It's true: ObamaCare will force some people to pay more for the same coverage

The architects of the Affordable Care Act, like everybody who understands health policy, knew this would happen. And they crafted the law in a way that would cushion the impact for most people. The most obvious method is those subsidies, which offset higher premiums in part or in whole for the majority of people buying coverage on the new exchanges. The law has other, less well-known provisions to help restrain insurance prices—most notable among them, a “medical-loss ratio” requirement that effectively limits how much profits insurers can make. These steps will reduce the number of people unable to find better coverage or facing the prospect of actual “rate shock.” But these steps won’t help everybody. Some people will end up with worse options.

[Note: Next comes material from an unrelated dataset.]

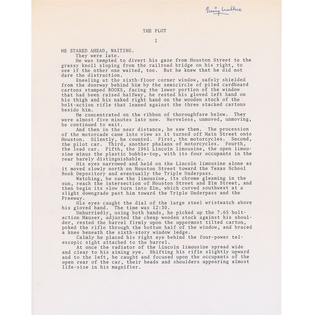 Souvenir typescript, one page, 8.5 x 10.75, an excerpt from The Plot, signed at the top in blue ballpoint. In fine condition, with mild toning to the top.

You probably want to know how many people fall into this category. I do too! It’s impossible to be certain. The data on people buying their own insurance is incomplete, ambiguous, and conflicting. But most experts I’ve consulted believe that, of the small percentage of Americans who buy their own coverage, a minority should end up paying more next year. (For an alternative view, read Avik Roy of the Manhattan Institute.) The ones facing the most severe sticker shock will tend to be more affluent, since they will get little or no help from federal subsidies.

Of course, these people may not feel affluent. That’s particularly true if they live in an area where real estate, gasoline, and other routine costs make it expensive to live. The suburbs of Washington, D.C., where Laszewski lives, is one such place. San Francisco, where Hammock and Brothers live, is another. For a couple in either city making $70,000 or $80,000, which is just above the subsidy threshold, absorbing a few thousand dollars a year in extra health insurance premiums will probably seem like a big deal.